__Action item__:
Restate each record word for word, omitting whatever pictures it holds.

***

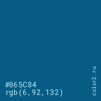 Цвет #065C84 в цветовой модели RGB обозначается тремя октетами (6, 92, 132) в десятичном формате и #065C84 в шестнадцатиричном (hex) формате, которые являются интенсивностью красного 6 (hex 06), интенсивность зелёного 92 (hex 5C) и интенсивность синего 132 (hex 84).
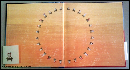 展开封面,橘色的纸面上,一道道考题看得人发晕,短耳兔和她的朋友们围了一个圆圈,表情各异,仔细看看,到底有几个小朋友?(我一开始以为是说孩子们考试压力大就是受了这张图片影响,后来才发现,是7个小朋友出现了4遍,哈哈)知道为什么会围成一圈吗?想想看,像不像一个零分?
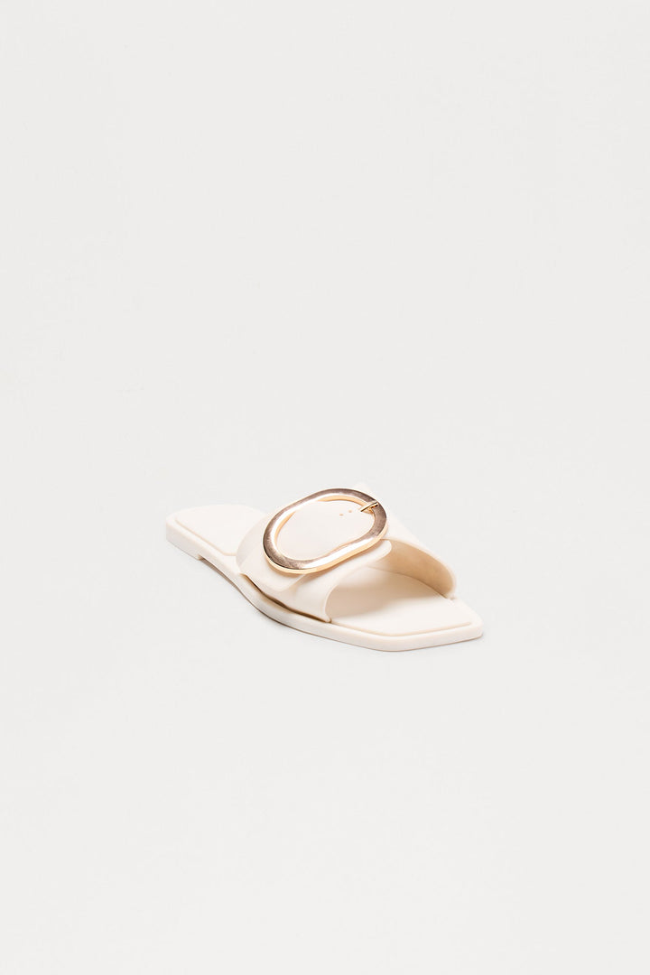 Available In Black And Ivory. | Flat Sandals | Slip On | Hardware Buckle Detail | Square Toe | Flat Heel | Imported
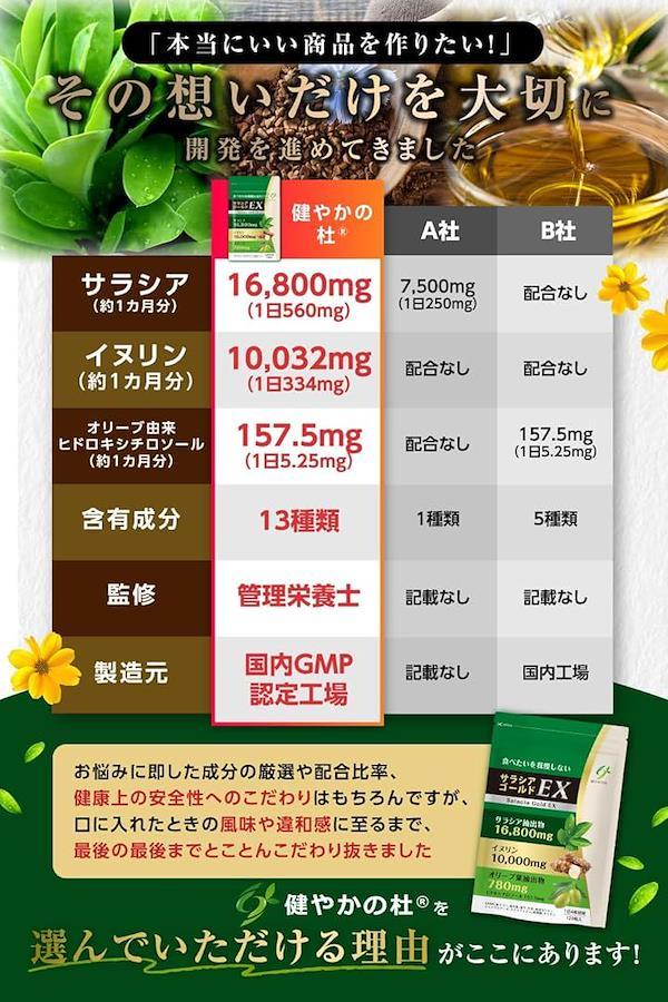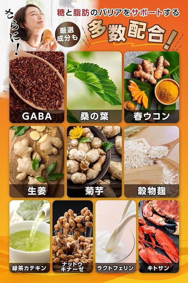 原材料:サラシアエキス末(サラシアエキス、マルトデキストリン)(インド製造)、イヌリン、還元麦芽糖水飴、オリーブ葉抽出物、ギャバ、ハルウコン末、桑葉粉末、菊芋粉末、 ショウガ麹、納豆菌培養エキス末、穀物麹/セルロース、ステアリン酸カルシウム、微粒二酸化ケイ素、ラクトフェリン、キトサン、緑茶抽出物、(一部にカニ・乳成分・大豆を含む)
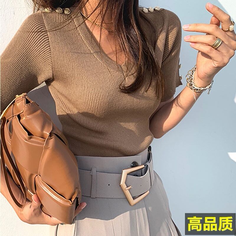 アイスシルクVネック薄ニットセーターレディース半袖サマーウエスタンスタイルオールマッチスリムスリミング無地トップTシャツタイド 夏物 ソリッドカラー TB2-52 TB2-5280503587206

***

__Response__:
 Цвет #065C84 в цветовой модели RGB обозначается тремя октетами (6, 92, 132) в десятичном формате и #065C84 в шестнадцатиричном (hex) формате, которые являются интенсивностью красного 6 (hex 06), интенсивность зелёного 92 (hex 5C) и интенсивность синего 132 (hex 84).
 展开封面,橘色的纸面上,一道道考题看得人发晕,短耳兔和她的朋友们围了一个圆圈,表情各异,仔细看看,到底有几个小朋友?(我一开始以为是说孩子们考试压力大就是受了这张图片影响,后来才发现,是7个小朋友出现了4遍,哈哈)知道为什么会围成一圈吗?想想看,像不像一个零分?
 Available In Black And Ivory. | Flat Sandals | Slip On | Hardware Buckle Detail | Square Toe | Flat Heel | Imported
 原材料:サラシアエキス末(サラシアエキス、マルトデキストリン)(インド製造)、イヌリン、還元麦芽糖水飴、オリーブ葉抽出物、ギャバ、ハルウコン末、桑葉粉末、菊芋粉末、 ショウガ麹、納豆菌培養エキス末、穀物麹/セルロース、ステアリン酸カルシウム、微粒二酸化ケイ素、ラクトフェリン、キトサン、緑茶抽出物、(一部にカニ・乳成分・大豆を含む)
 アイスシルクVネック薄ニットセーターレディース半袖サマーウエスタンスタイルオールマッチスリムスリミング無地トップTシャツタイド 夏物 ソリッドカラー TB2-52 TB2-5280503587206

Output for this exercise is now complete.